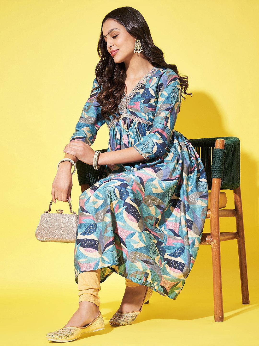 Label Khoj Women Silk Blend Alia Cut Kurta Dress
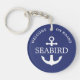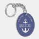 Anchor keychain with custom name and boat name. Stylish, nautical "Welcome On Board" keychain design template features a minimalist white anchor logo and placeholders for your boat name on an ocean blue background. Reverse side with space for skippers's name, a tagline and your contact details. Background colour is customisable. This easy-to-customise elegant anchor keychain makes a great promotional item for coastal professions and a smart gift for personal use © y.BEE SEA
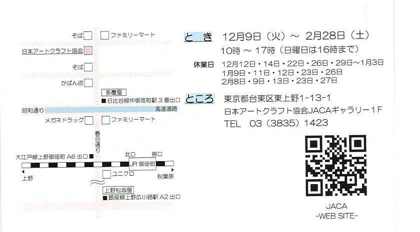 御徒町 日本アートクラフト協会JACAギャラリー1F 会期 12月9日〜2026年2月28日
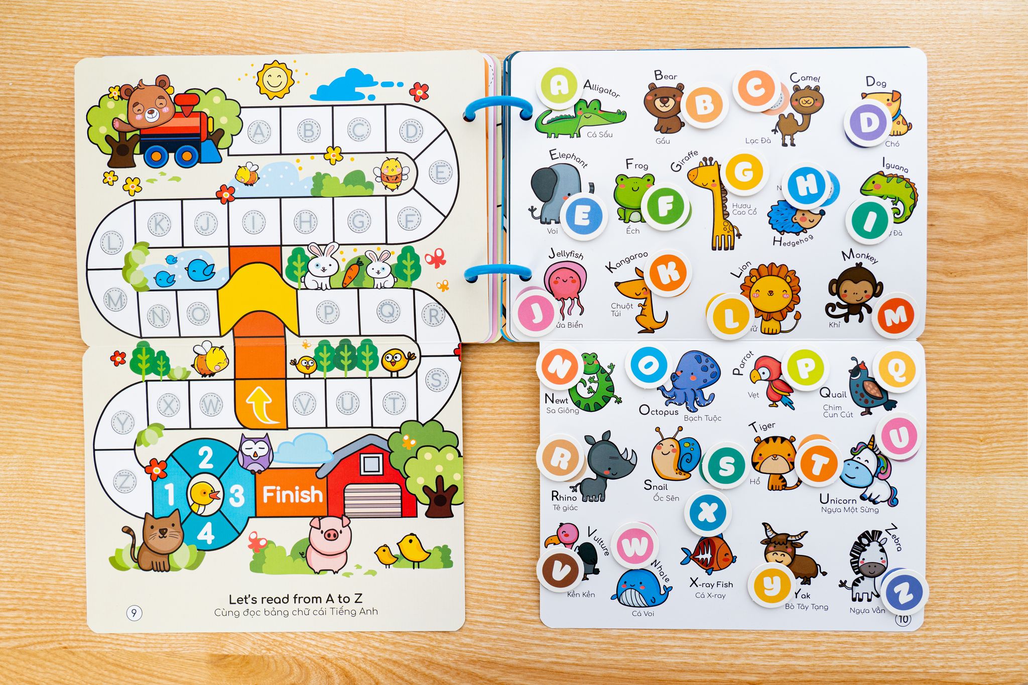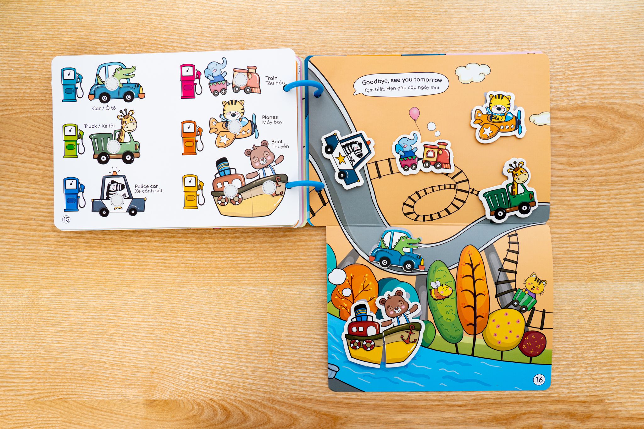 - Song ngữ Anh Việt - Bé sẽ tiếp thu nhanh hơn thông qua việc nhìn mặt chữ và hình ảnh, các hành động bóc từ trang này, dán vào trang kia
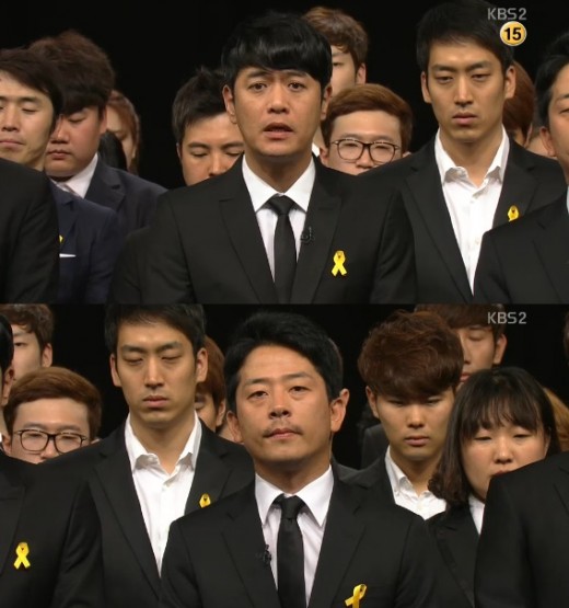 25일 방송된 KBS2 예능프로그램 '개그콘서트'에서는 개그맨들이 모두 검은 양복을 입고 등장, 세월호 참사 애도의 메시지를 전하며 오프닝을 장식했다.
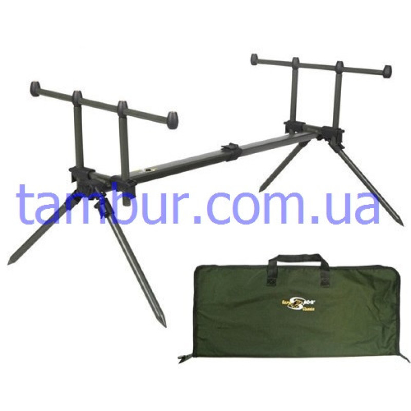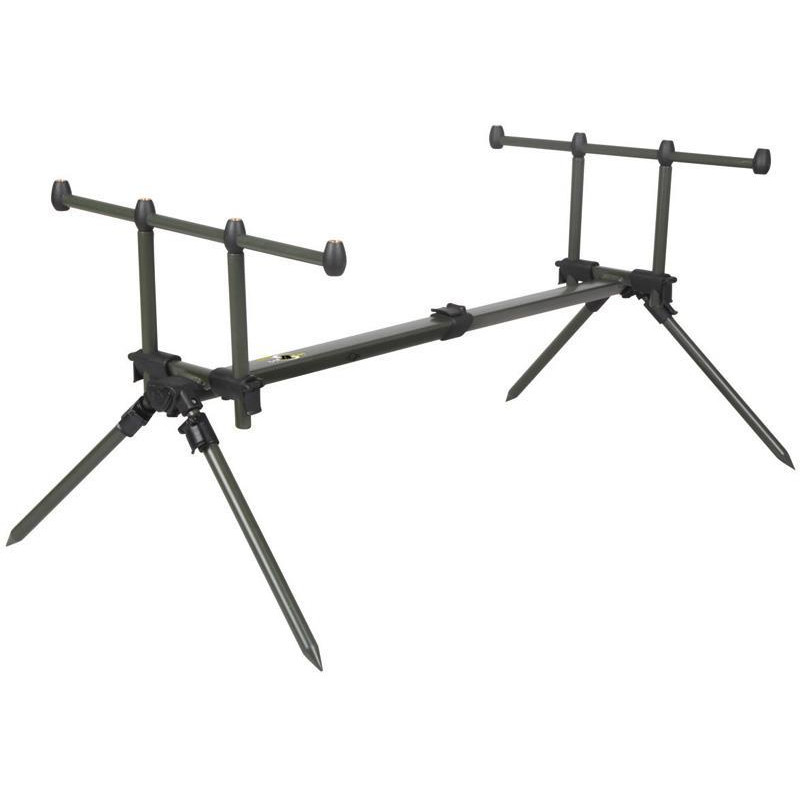 Устойчивый род-под из биалюминиевого сплава. Крепкая продольная станина с телескопической регулировкой и надёжная крепёжная гарнитура всех соединений обеспечивает достаточную стабильность и прочность конструкции. Раздельно регулируемые и съемные ноги позволяют установить род-под в самых различных вариантах и на неровных поверхностях, заостренные П-образные стойки (буз-бар) можно использовать отдельно, втыкая в грунт. В сложенном виде компактен и удобен для перевозки. Поставляется в чехле-сумке в версиях на 4 удилища. Благодаря применению алюминия и хорошо продуманной конструкции вес род-подов всего 1.80кг
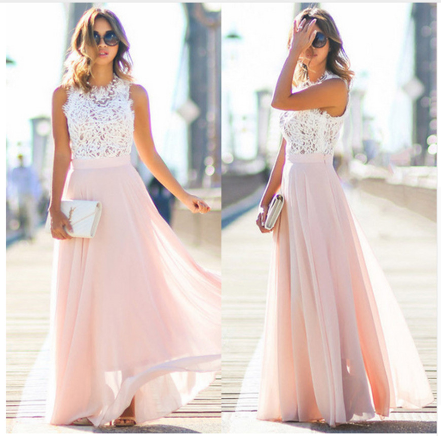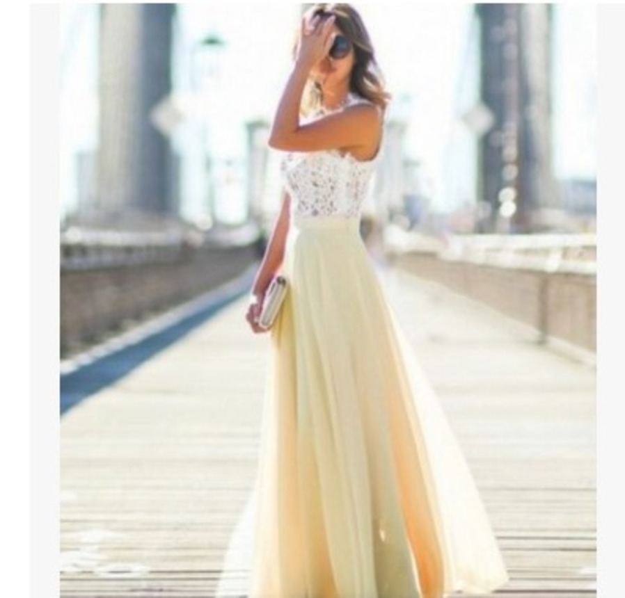 NEW レースシフォンロングドレス
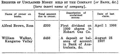 [Section 3 Amended by 25 Geo. V No. 78 ](1) [Section 3 Subsection (1) amended by No. 17 of 1996, Applied:14 May 1998] It shall be the duty of every company, in the month of January in each year to enter all unclaimed moneys of not less than six dollars in any one account in an alphabetical register to be made up to the thirty-first day of December last preceding, and kept by such company at its head or principal office in this State, in form I in the schedule , and with the particulars therein specified.(2) [Section 3 Subsection (2) amended by No. 17 of 1996, Applied:14 May 1998] After the last day of January in each year such register shall be open to the inspection of all persons at such head or principal office during the hours within which the company transacts its ordinary business, on payment of a fee of ten cents.
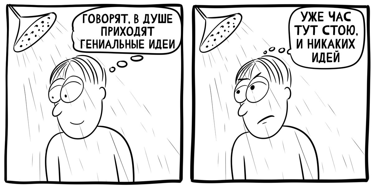 Не раз слышал от творческих людей, что какая-то смелая интересная идея приходила к ним во время принятия душа. Да немало и моих собственных комиксов и шуток для них были придуманы, пока я стоял под тёплой водичкой. В чём же магия этого процесса? Давайте разбираться вместе. Пишите в комментариях своё мнение на этот счёт и рассказывайте, какие идеи приходили в душевой к вам. И, конечно, смотрим комиксы, многие из которых, уверен, были придуманны там же. Работа из серии “How to” мексиканского художника Сантьяго Эспарза как раз хорошо иллюстрирует, откуда в душе берутся все эти мысли и гениальные идеи. Порой душевой мыслительный процесс столь увлекателен, что мы забываем сделать то, собственно зачем мы посещаем душ. Автор TheJinShow Кому-то даже удалось, принимая душ, разобраться с извечным вопрос о своём предназначении. Комикс Джима Бентона Увы, не все мысли в душе бывают гениальными и полезными. Зачастую в голову лезет полная ерунда. Зарисовка от Deya Muniz А бывает, что и вовсе эти мы

......

**WHAT YOU WILL DO:** If the material above contains pictures, exclude them from an otherwise exact transcription.

**REPLY:**
 Label Khoj Women Silk Blend Alia Cut Kurta Dress
 Anchor keychain with custom name and boat name. Stylish, nautical "Welcome On Board" keychain design template features a minimalist white anchor logo and placeholders for your boat name on an ocean blue background. Reverse side with space for skippers's name, a tagline and your contact details. Background colour is customisable. This easy-to-customise elegant anchor keychain makes a great promotional item for coastal professions and a smart gift for personal use © y.BEE SEA
 御徒町 日本アートクラフト協会JACAギャラリー1F 会期 12月9日〜2026年2月28日
 - Song ngữ Anh Việt - Bé sẽ tiếp thu nhanh hơn thông qua việc nhìn mặt chữ và hình ảnh, các hành động bóc từ trang này, dán vào trang kia
 25일 방송된 KBS2 예능프로그램 '개그콘서트'에서는 개그맨들이 모두 검은 양복을 입고 등장, 세월호 참사 애도의 메시지를 전하며 오프닝을 장식했다.
 Устойчивый род-под из биалюминиевого сплава. Крепкая продольная станина с телескопической регулировкой и надёжная крепёжная гарнитура всех соединений обеспечивает достаточную стабильность и прочность конструкции. Раздельно регулируемые и съемные ноги позволяют установить род-под в самых различных вариантах и на неровных поверхностях, заостренные П-образные стойки (буз-бар) можно использовать отдельно, втыкая в грунт. В сложенном виде компактен и удобен для перевозки. Поставляется в чехле-сумке в версиях на 4 удилища. Благодаря применению алюминия и хорошо продуманной конструкции вес род-подов всего 1.80кг
 NEW レースシフォンロングドレス
 [Section 3 Amended by 25 Geo. V No. 78 ](1) [Section 3 Subsection (1) amended by No. 17 of 1996, Applied:14 May 1998] It shall be the duty of every company, in the month of January in each year to enter all unclaimed moneys of not less than six dollars in any one account in an alphabetical register to be made up to the thirty-first day of December last preceding, and kept by such company at its head or principal office in this State, in form I in the schedule , and with the particulars therein specified.(2) [Section 3 Subsection (2) amended by No. 17 of 1996, Applied:14 May 1998] After the last day of January in each year such register shall be open to the inspection of all persons at such head or principal office during the hours within which the company transacts its ordinary business, on payment of a fee of ten cents.
 Не раз слышал от творческих людей, что какая-то смелая интересная идея приходила к ним во время принятия душа. Да немало и моих собственных комиксов и шуток для них были придуманы, пока я стоял под тёплой водичкой. В чём же магия этого процесса? Давайте разбираться вместе. Пишите в комментариях своё мнение на этот счёт и рассказывайте, какие идеи приходили в душевой к вам. И, конечно, смотрим комиксы, многие из которых, уверен, были придуманны там же. Работа из серии “How to” мексиканского художника Сантьяго Эспарза как раз хорошо иллюстрирует, откуда в душе берутся все эти мысли и гениальные идеи. Порой душевой мыслительный процесс столь увлекателен, что мы забываем сделать то, собственно зачем мы посещаем душ. Автор TheJinShow Кому-то даже удалось, принимая душ, разобраться с извечным вопрос о своём предназначении. Комикс Джима Бентона Увы, не все мысли в душе бывают гениальными и полезными. Зачастую в голову лезет полная ерунда. Зарисовка от Deya Muniz А бывает, что и вовсе эти мы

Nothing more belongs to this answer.